I'm trying to extract text string from a tag, the text string I'm interested in is separated by a tag.

<div id="foo">
 <p>
  " Data 1 : Lorem"
  <br>
  <br>
  " Data 2 : Ipsum"
  <br>
 </p>
<div>

Desired output :

Lorem

Using bs4, I'm stuck at :

collection1 = soup.select('div#foo > p:-soup-contains("Data 1 : ")').replace("Data 1 : ","").text.strip()

I don't know how to preceed to set a delimiter for the double quotes or the   tag?
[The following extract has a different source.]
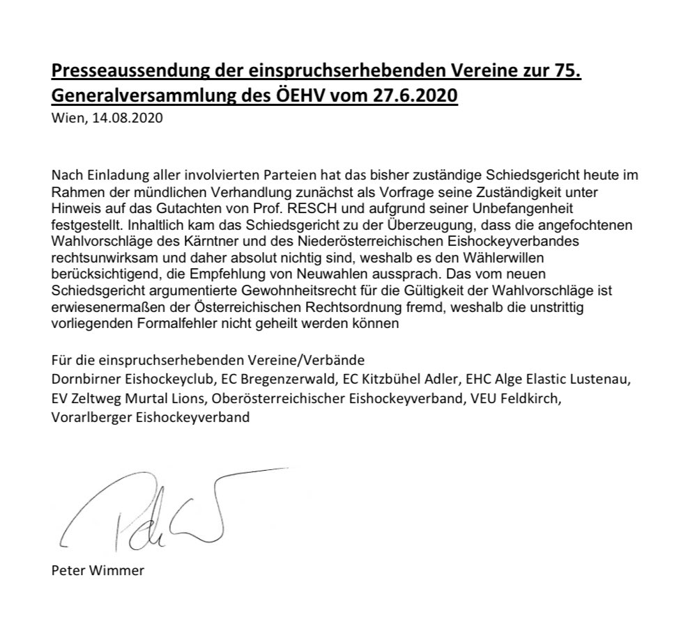 Im ÖEHV denkt wohl niemand an eine Neuwahl. Wenn, dann die Verlierer, die das demokratische Ergebnis nicht akzeptieren wollen. Diese Worte von Hartmann sind absolut richtig:

Any idea on how to proceed to get the desired output ?

I'm trying to scrap the details information of this page. I've tried :

try:
   collection = soup.select('div#ui-accordion-1-panel-1 > div.tab-content-wrapper > p:-soup-contains("Collection")').text.strip()
except:
   collection = "" 
   print("No Collection")

Expecting to get the whole  tag but exception occured. I've been using this snippet on other scraps with Selenium and it did work.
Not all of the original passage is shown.